New Bair Paws gown benefits:

  • Additional flexibility for lower body warming needs.
  • Two clinical hose ports, which eliminate the need to re-position the gown.
  • Both clinical ports include a hose port card, ensuring the unused port is conveniently pre-sealed.
  • Easy pre-induction warming through the gown’s lower clinical port.
  • Patient-friendly, post-operative clinical warming; The Bair Hugger® warming unit can be conveniently positioned for use in the lower clinical port.

"The Bair Paws system will continue to provide patient-adjustable warming and perioperative capabilities," said Wick-Powell. "With just one Bair Paws gown, surgical patients can enjoy the comfort of patient adjustable warmth while receiving the numerous clinical benefits associated with preoperative forced-air warming and normothermia maintenance."

As always, the same gown offers clinical warming in the OR for select surgical procedures. The Bair Paws gown remains with the patient to warm in PACU, with both comfort and clinical capabilities.

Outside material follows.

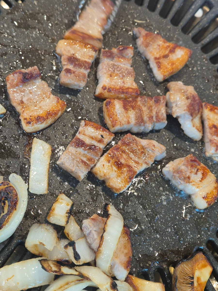 차돌박이는 안타게 살짝만 취익취익 구워서 먹어주고
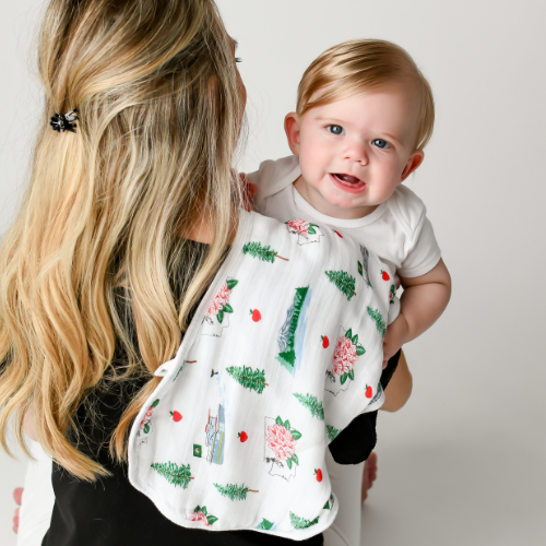 Gift Set: Alabama Floral Baby Muslin Swaddle Blanket and Burp Cloth/Bib Combo

All Anesthetized Patients Susceptible to Hypothermia
Inadvertent perioperative hypothermia is a frequent, yet preventable, complication of surgery and is associated with an increased rate of wound infection (SSIs)¹, increased length of hospital stay² and higher mortality rates.³

Surprisingly, one of the greatest causes of surgical hypothermia is the effect of anesthesia itself. Anesthesia causes vasodilation, allowing the warmer blood from the body’s core and mix with the blood from the cooler periphery. This decline in temperature is known as redistribution temperature drop (RTD). Research shows that in the first 60 minutes of anesthesia unwarmed surgical patients can lose up to 1.6˚C.4

This means any patient undergoing anesthesia, no matter their age or physical condition, is susceptible to unintended hypothermia because anesthetized patients cannot control their temperature.

Pre-warming Puts the Brakes on Hypothermia
Pre-warming with the Bair Paws system can reduce core temperature drop by decreasing the core-to-periphery temperature gradient. By increasing the total heat content of the periphery, pre-warming limits the blood’s rate of cooling and allows the blood to return to the core at a higher temperature.

Pre-warming is an effective way of preventing intraoperative hypothermia in surgeries lasting less than one hour, and forced-air warming devices have been established as an extremely effective method of preventing and treating heat loss in patients. In addition, combining pre-warming with intraoperative forced-air warming can prevent unintended hypothermia in longer procedures.

Easily incorporated into the pre-surgical routine, pre-warming can begin as soon as patients are admitted to the pre-surgical area. For this very reason, the Bair Paws system’s capabilities make it an ideal pre- warming solution.

Source: Arizant Healthcare Inc.

References

1. Barie, PS. "Surgical Site Infections: Epidemiology and Prevention." Surgical Infections. Vol 3, Supplement 2002; S-9 – S-21.

2. Jeran L. American Society of PeriAnesthesia Nurses Development Panel. "Clinical Guideline for the Prevention of Unplanned Perioperative Hypothermia." Journal of PeriAnesthesia Nursing. Oct. 2001, 16(5): 305-314.

3. Tryba M, Leban J, et al. "Does active warming of severely injured trauma patients influence perioperative morbidity?" Anesthesiology. 1996: 85: A283.

4. Sessler DI, "Current Concepts: Mild Perioperative Hypothermia." New England Journal of Medicine. 1997; 336: 1730-1737.